Hot enable/disable is a core design principle for every module:
- Core keeps one mutable active `PlatformRegistry` object and swaps its manifest
set through the module lifecycle manager. Modules must read module presence,
optional integrations, permissions, role templates, capabilities, navigation,
and frontend contributions from that registry instead of caching sibling
module availability.
- Core validates install state and dependency closure before activation.
- Core applies configured module migrations before activation. Deactivation
never drops tables or data.
- Core mounts module routers once and guards them by active module state. A
deactivated module's routes remain mounted internally but return a disabled
module response until the module is active again.
- Module route factories must be side-effect-light and idempotent. They may
configure module runtime references, but they must not start workers,
schedulers, or irreversible external subscriptions. Use lifecycle hooks for
those resources.
- Modules that own persistent data, background jobs, schedulers, external
subscriptions, or irreversible migration state must expose uninstall guard
providers through their manifest. Guards return `blocker`, `warning`, or
`info` results and may inspect live state through the core-owned DB session.

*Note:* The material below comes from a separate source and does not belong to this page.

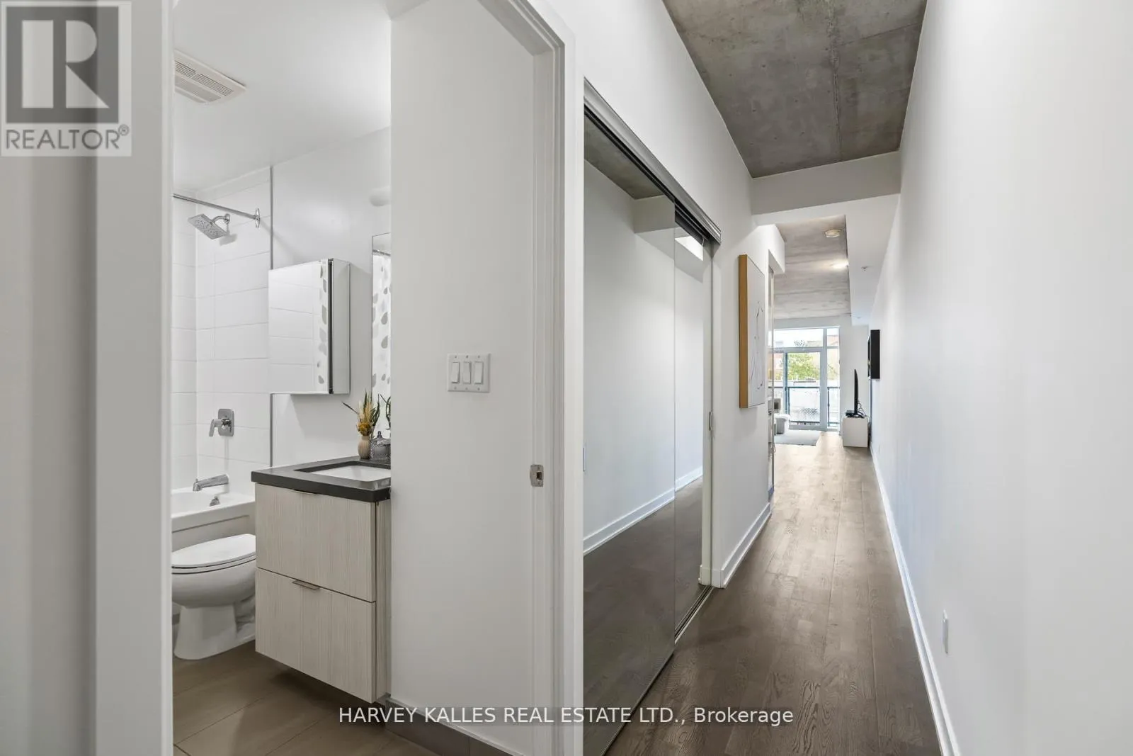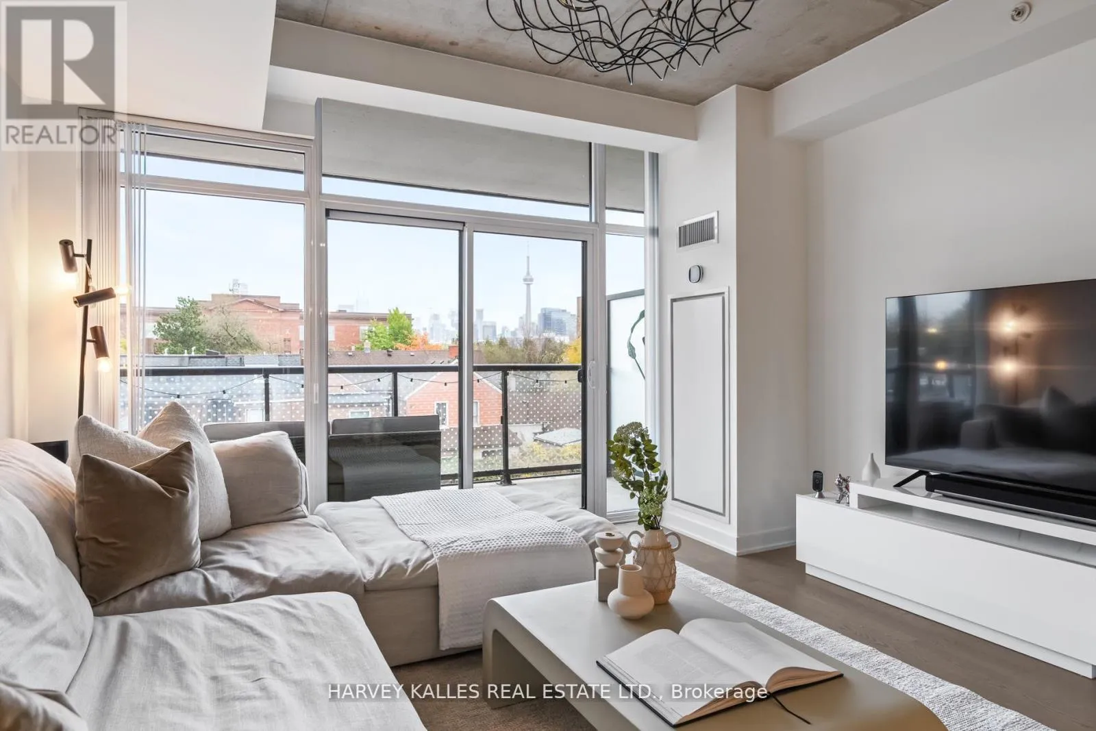 Queen St W/Ossington Ave 109 Ossington Avenue #318 - Boutique Loft Living at 109OZWelcome to 109OZ Lofts, where design, function, and lifestyle intersect in one of Toronto's most dynamic neighbourhoods. Suite #318 is abeautifully designed and functional one-bedroom + den loft offering 765 sq ft of refined living. The thoughtful layout maximizes space and flow - the den serves perfectly as a home office, nursery, or creative flex room, while the open living area is filled with natural light and framed by tranquil views of the surrounding treetops and neighbourhood skyline, including the CN Tower. Inside, you'll find high ceilings, a spa-inspired 4-piece bath, and elevated modern finishes that create a calm, stylish retreat from city life. Set within the renowned 109OZ, a rare boutique building celebrated for its design-forward architecture and intimate community, this residence also includes one parking space and a locker for added convenience. With Ossington Avenue right outside your door, you're steps from Toronto's best restaurants, cozy cafés, nightlife, and independent boutiques. Experience the city's most celebrated food and culture scene - then retreat peacefully to your boutique, serene home above it all. A residence that embodies style, comfort, and connection - bright, boutique, and distinctly Ossington. (id:27476)
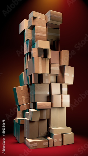 Chaotic Columns: A Mosaic of Cardboard Against a Dark Red Canvas

A guard failure is treated as a blocker.
- Core refreshes the active registry before frontend metadata is returned from
`/api/v1/platform/modules`; the WebUI shell refetches this metadata after
module changes so navigation, routes, and UI capabilities update without a
page reload.
- Modules can provide `on_activate` and `on_deactivate` hooks for worker,
scheduler, cache, or external subscription lifecycle. These hooks must be
idempotent and must not mutate another module directly.
- Package install/uninstall is performed by the trusted operator installer, not
directly inside FastAPI request handlers. The admin UI can save install plans,
show preflight blockers, and activate/deactivate installed packages.
The package install-plan API records operator intent only:
- `GET /api/v1/admin/system/modules/install-plan` reads the saved plan,
renders shell commands, and returns installer preflight status.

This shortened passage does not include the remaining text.